Blood corticosterone levels (ng ml^{− 1}) were measured using the ImmuChem Double Antibody Corticosterone 125I RIA kit for rats and mice (MP Biomedicals, Orangeburg, NY, USA), as described in ³⁸ and are reported in Table S8. DNA/RNA was isolated from the rat VTA, Acb, mPFC and dStr, using AllPrep DNA/RNA/miRNA Universal Kit according to the manufacturer’s protocol (Qiagen AB Sollentuna, Sweden), and quantified using a Nanodrop ND 1000 spectrometer. RNA was converted to cDNA and used to assess the expression of Slc17a7/Vglut1, Slc17a6/Vglut2, Slc17a8/Vglut3, Dnmt1 and Mecp2 relative to three housekeeping genes (Actb, Gapdh and Rpl19) by real time PCR, as described in ³⁰. For the present study, the DNA was used for DNA methylation analyses. To minimize potential noise and cost of downstream DNA methylation analyses, for each gene and brain region, samples were selected on the basis of within-group homogeneity in terms of direction of gene expression differences compared to the respective control group [e.g. if MS360E group had significantly higher expression compared to MS15E group, rats within MS360E were assessed individually (by calculating the log2fold difference relative to the mean MS15E expression) to check whether their expression levels were higher (same direction) or lower (opposite direction) than the mean MS15E mRNA levels]. Thus, high within-group heterogeneity led to individual-sample DNA methylation analysis for Vglut1 and Vglut2 in the VTA (n = 10/group for MS15W, MS360W, MS15E; n = 18 in MS360E), but pooled-sample DNA methylation analyses for Vglut1 in the dStr (n = 10/group for MS15W, MS360W, MS15E; n = 17 in MS360E), Vglut3 in the Acb (n = 10/group for MS15W, MS360W, MS15E; n = 17 in MS360E) and Vglut2 in the mPFC [n = 10 (MS15W), n = 8 (MS360W), n = 9 (MS15E) and n = 20 (MS360E)], for which homogeneous within-group expression patterns were observed.

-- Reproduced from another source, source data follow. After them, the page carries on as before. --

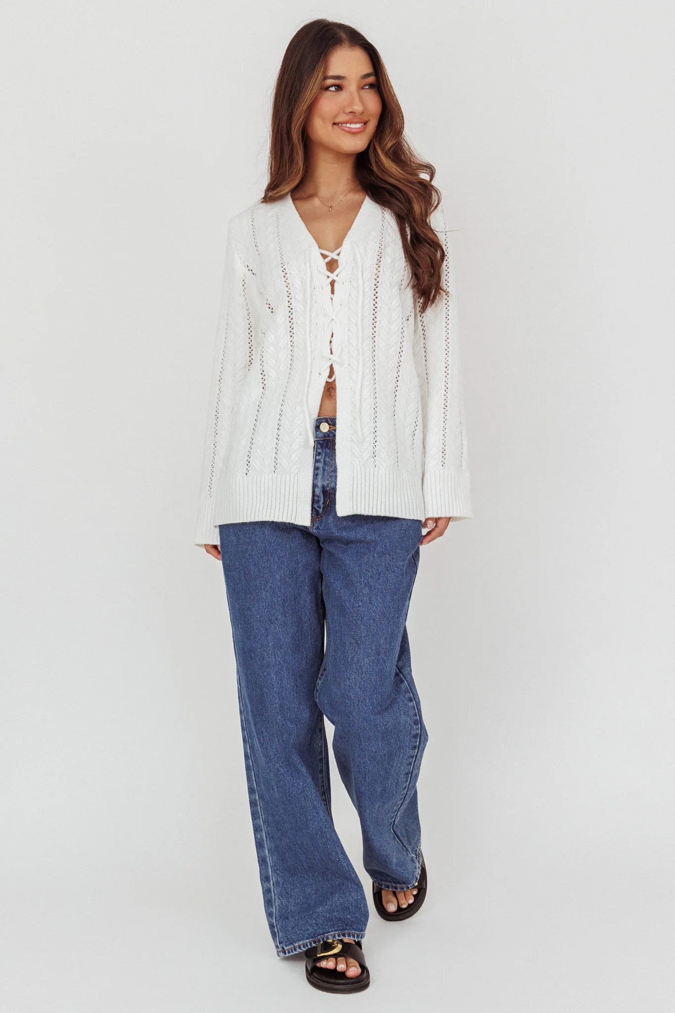 Seattle Lace-Up Front Knit Top White
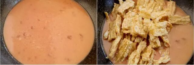 ⑫熬煮一小会放入腐竹开始炖。
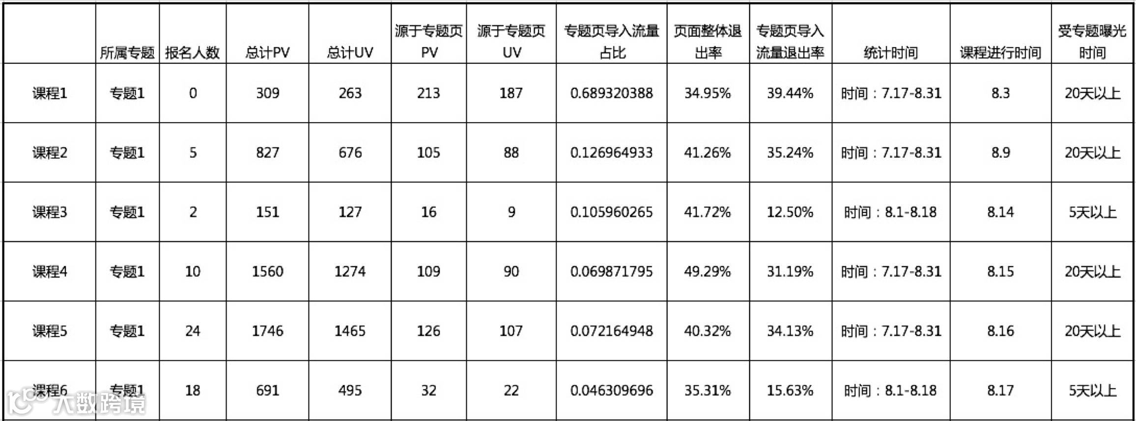 2.专题页的效率普遍较差。一方面是其跳出率超过40%,另一方面则是从专题页导到单堂课程的UV,最多也不过187,仅相当于专题页流量的10%左右,这个效率还是低得有些可怕的。

Targeted next generation bisulfite sequencing:

Targeted next generation bisulfite sequencing (tNGBS) was performed to identify differentially methylated CpG sites in target CpG regions on 48 samples for Vglut1 and Vglut2 in the VTA, and 4 pooled samples (one for each experimental group) for Vglut1 in the dStr, Vglut3 in the Acb and Vglut2 in the mPFC. All methylation analyses were performed by EpigenDx Inc (Hopkinton, MA, USA). A flowchart of the procedure is shown in Figure 1.

In silico Assay Design Process

Each regulatory element of Vglut1-3 was carefully evaluated before beginning the process of assay design. Gene sequences +/- 5000 bp containing the array target of interest were acquired from Ensembl genome browser and annotated. All genomic sequences were converted to a bisulfite sequence using EpigenDx’s Bisulfite Sequence Converter with all annotations being conserved. The target sequences were re-evaluated against UCSC genome browser for repeat sequences including LINE, SINE, LTR elements, and other DNA repeats. Sequences containing repetitive elements, low sequence complexity, high thymidine content and overall CpG density were excluded for in silico design process. A list of all the assays designed are in Table S1; assays that failed PCR optimization were excluded from analyses.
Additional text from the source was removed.